→ **Record excerpts**:
★ ★ ★ ★ ★
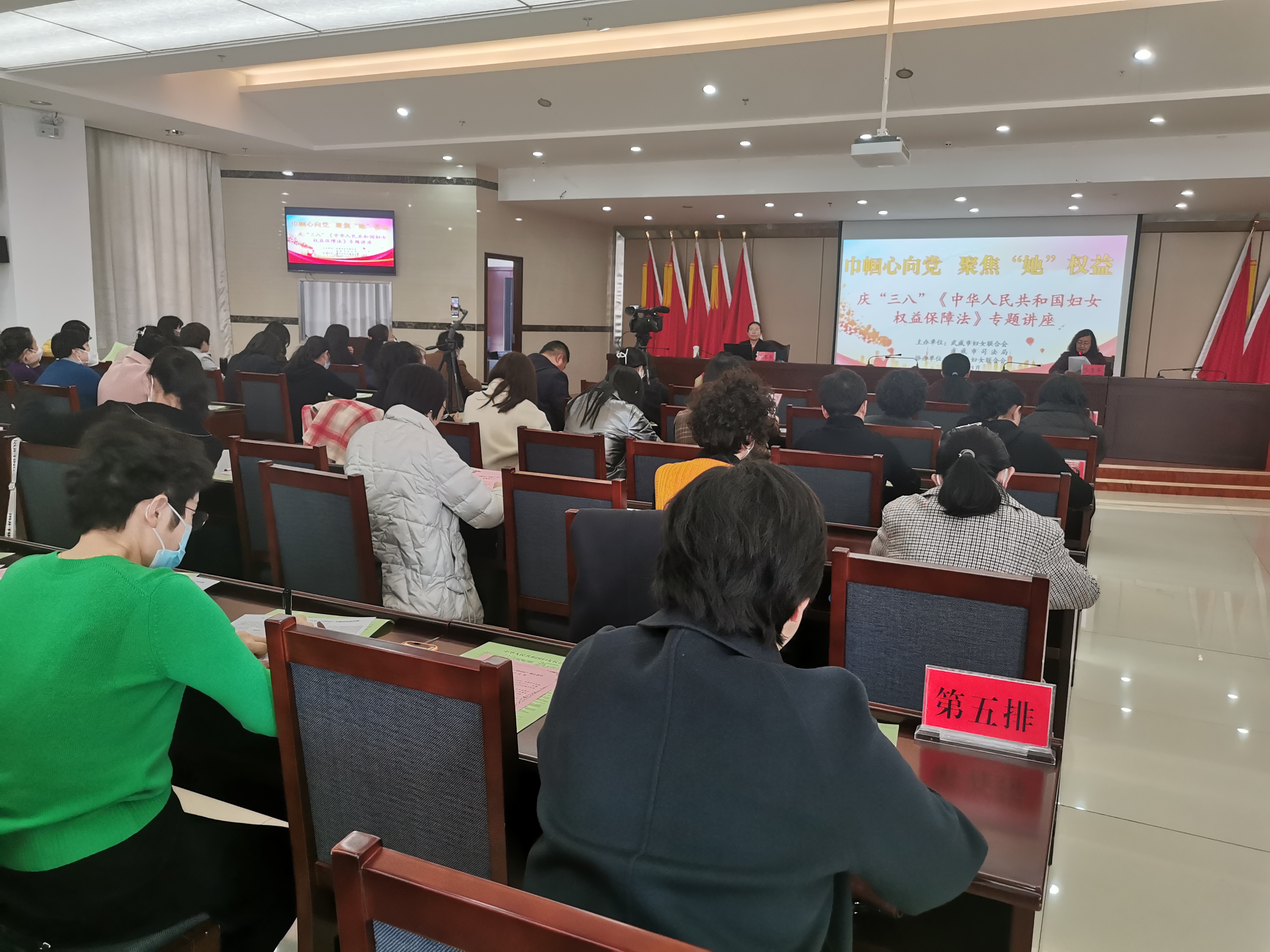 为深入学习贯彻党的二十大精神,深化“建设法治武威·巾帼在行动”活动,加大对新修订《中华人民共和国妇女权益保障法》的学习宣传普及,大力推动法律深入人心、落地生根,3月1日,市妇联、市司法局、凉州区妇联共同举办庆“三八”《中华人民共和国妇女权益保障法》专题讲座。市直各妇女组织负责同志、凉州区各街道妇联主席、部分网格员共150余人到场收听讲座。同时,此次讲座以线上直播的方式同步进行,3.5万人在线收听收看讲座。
★ ★ ★ ★ ★
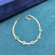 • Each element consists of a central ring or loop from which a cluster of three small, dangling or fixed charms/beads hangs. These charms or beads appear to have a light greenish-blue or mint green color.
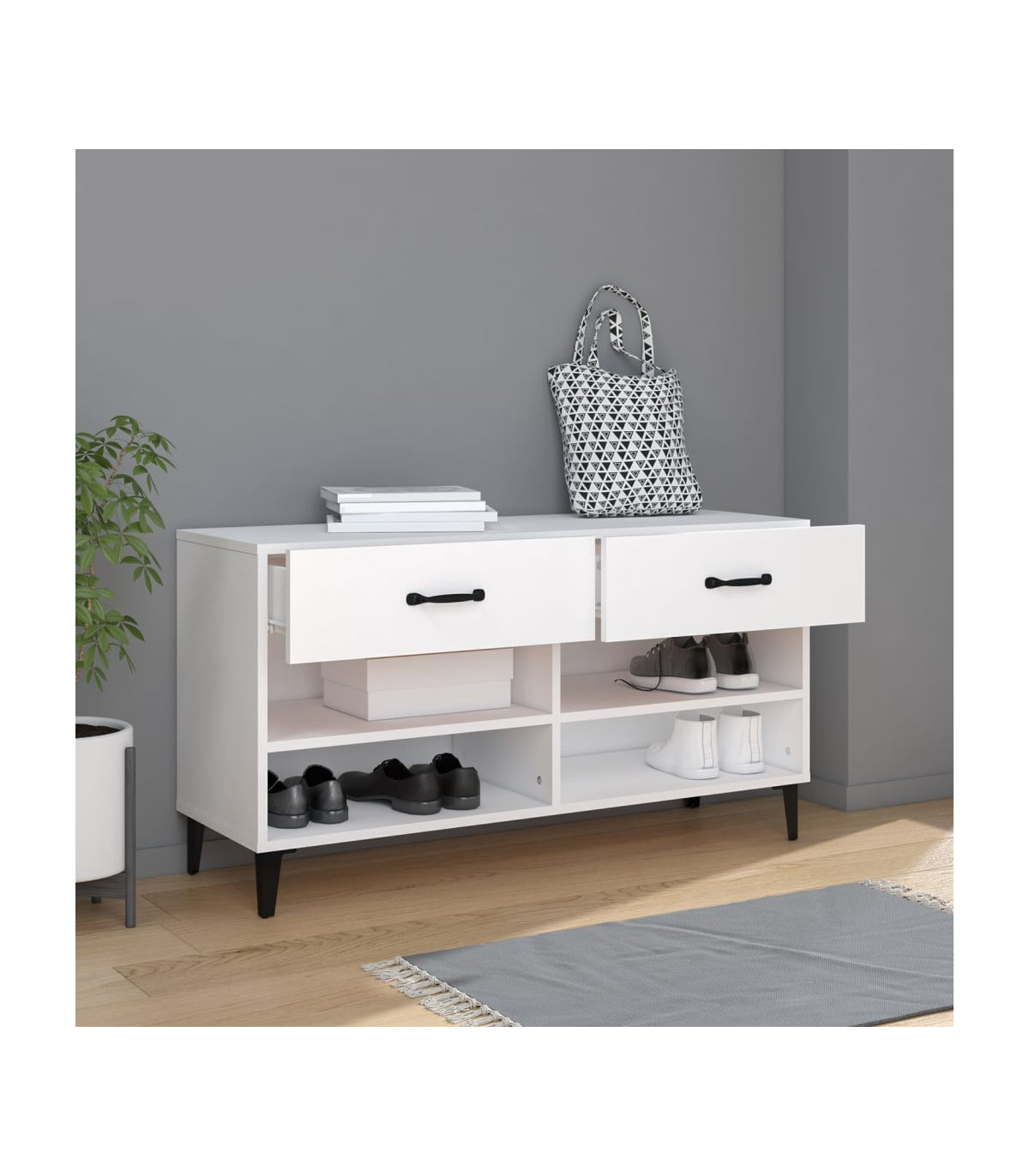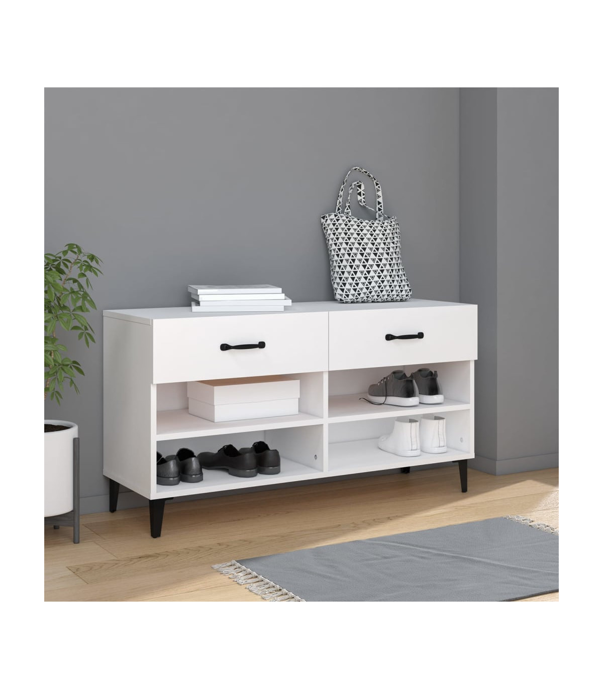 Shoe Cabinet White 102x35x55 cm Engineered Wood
★ ★ ★ ★ ★
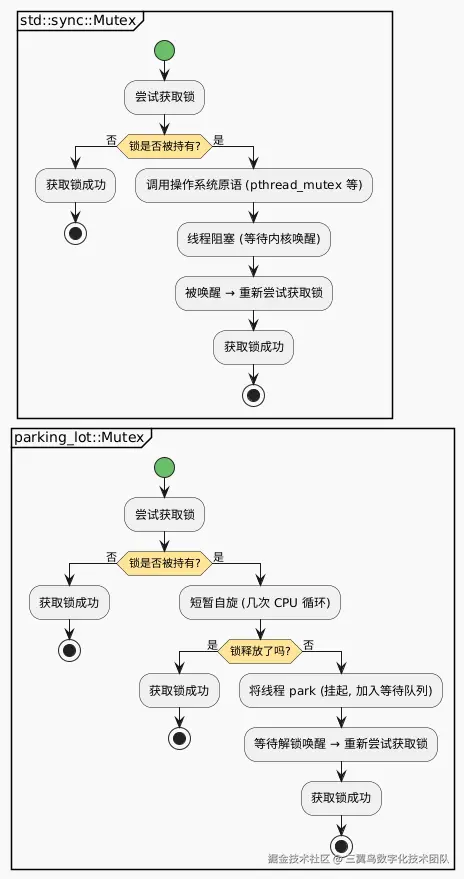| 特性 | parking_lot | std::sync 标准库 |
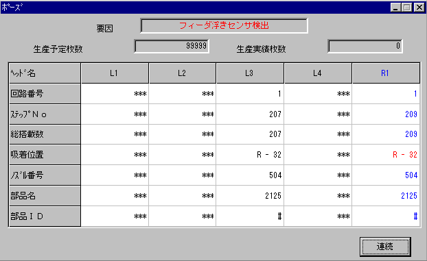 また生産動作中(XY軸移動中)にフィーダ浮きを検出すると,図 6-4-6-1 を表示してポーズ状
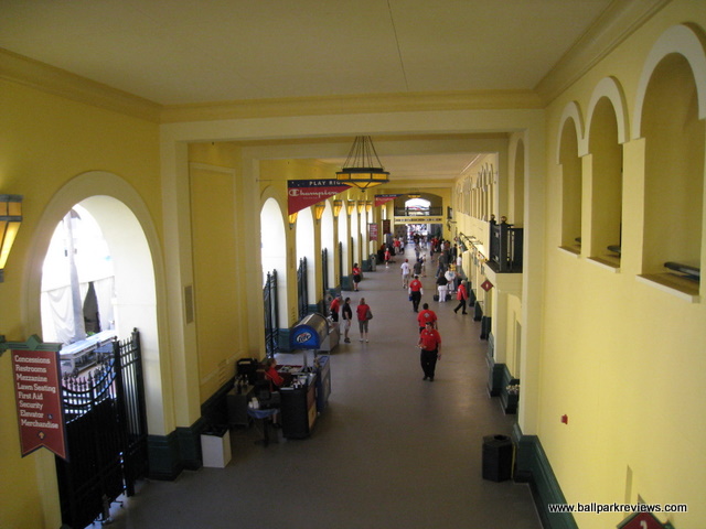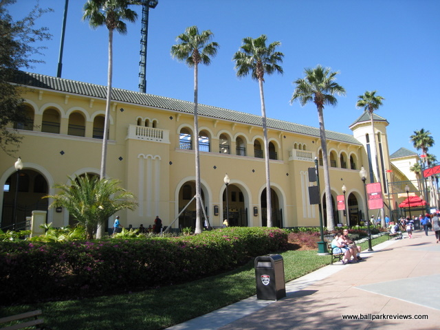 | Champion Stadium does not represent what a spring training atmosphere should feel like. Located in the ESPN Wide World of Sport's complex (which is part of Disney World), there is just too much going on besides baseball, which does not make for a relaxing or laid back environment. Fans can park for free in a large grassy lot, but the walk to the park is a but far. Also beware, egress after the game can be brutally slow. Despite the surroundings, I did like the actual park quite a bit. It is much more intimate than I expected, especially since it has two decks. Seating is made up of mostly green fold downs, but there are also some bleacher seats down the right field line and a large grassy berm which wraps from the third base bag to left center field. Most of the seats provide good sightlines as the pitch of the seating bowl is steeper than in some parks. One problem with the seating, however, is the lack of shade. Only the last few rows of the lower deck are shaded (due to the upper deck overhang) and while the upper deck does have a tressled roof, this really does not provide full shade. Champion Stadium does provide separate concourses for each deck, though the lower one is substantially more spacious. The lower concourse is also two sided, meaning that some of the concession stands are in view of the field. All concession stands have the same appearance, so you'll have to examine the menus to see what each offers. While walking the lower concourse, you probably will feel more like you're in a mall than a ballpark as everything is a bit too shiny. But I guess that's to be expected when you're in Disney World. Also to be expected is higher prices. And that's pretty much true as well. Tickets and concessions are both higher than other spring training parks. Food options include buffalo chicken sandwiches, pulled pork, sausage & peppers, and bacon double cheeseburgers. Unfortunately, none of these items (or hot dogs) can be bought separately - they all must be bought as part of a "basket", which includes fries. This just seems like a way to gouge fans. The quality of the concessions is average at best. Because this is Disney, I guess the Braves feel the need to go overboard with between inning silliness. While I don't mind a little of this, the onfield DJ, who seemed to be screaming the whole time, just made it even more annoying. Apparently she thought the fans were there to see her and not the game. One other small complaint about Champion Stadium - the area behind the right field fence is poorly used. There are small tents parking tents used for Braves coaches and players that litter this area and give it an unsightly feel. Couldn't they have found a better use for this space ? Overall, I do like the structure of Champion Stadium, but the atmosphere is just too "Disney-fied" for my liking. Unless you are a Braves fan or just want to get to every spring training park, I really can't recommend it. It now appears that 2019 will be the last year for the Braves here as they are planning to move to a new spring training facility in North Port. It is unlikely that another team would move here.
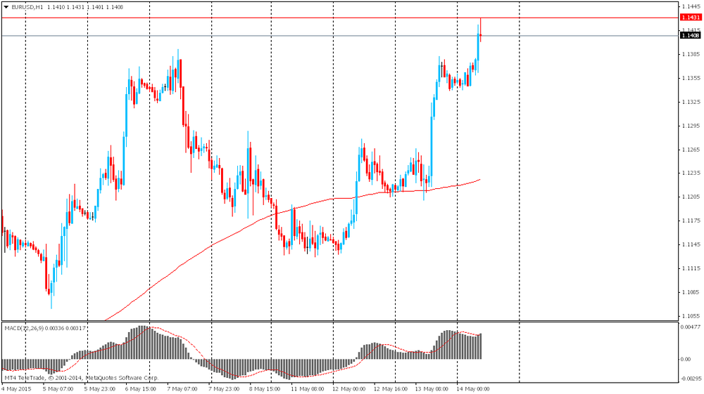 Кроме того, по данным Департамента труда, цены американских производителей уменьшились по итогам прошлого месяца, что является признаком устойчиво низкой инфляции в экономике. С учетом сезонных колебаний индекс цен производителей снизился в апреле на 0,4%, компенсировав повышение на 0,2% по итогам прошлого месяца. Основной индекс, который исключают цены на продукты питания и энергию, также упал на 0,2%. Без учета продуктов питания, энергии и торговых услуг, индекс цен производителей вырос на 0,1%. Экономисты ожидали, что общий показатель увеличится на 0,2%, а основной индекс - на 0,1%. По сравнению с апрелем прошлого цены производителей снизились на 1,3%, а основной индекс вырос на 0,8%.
★ ★ ★ ★ ★
→ **The task**: Would you print exactly the lines in the listing above, from the line bearing "std::sync 标准库 |" through the line bearing "また生産動作中(XY軸移動中)にフィーダ浮きを検出すると,図 6-4-6-1 を表示してポーズ状", leaving out all pictures?

→ **Answer space**:
| 特性 | parking_lot | std::sync 标准库 |
 また生産動作中(XY軸移動中)にフィーダ浮きを検出すると,図 6-4-6-1 を表示してポーズ状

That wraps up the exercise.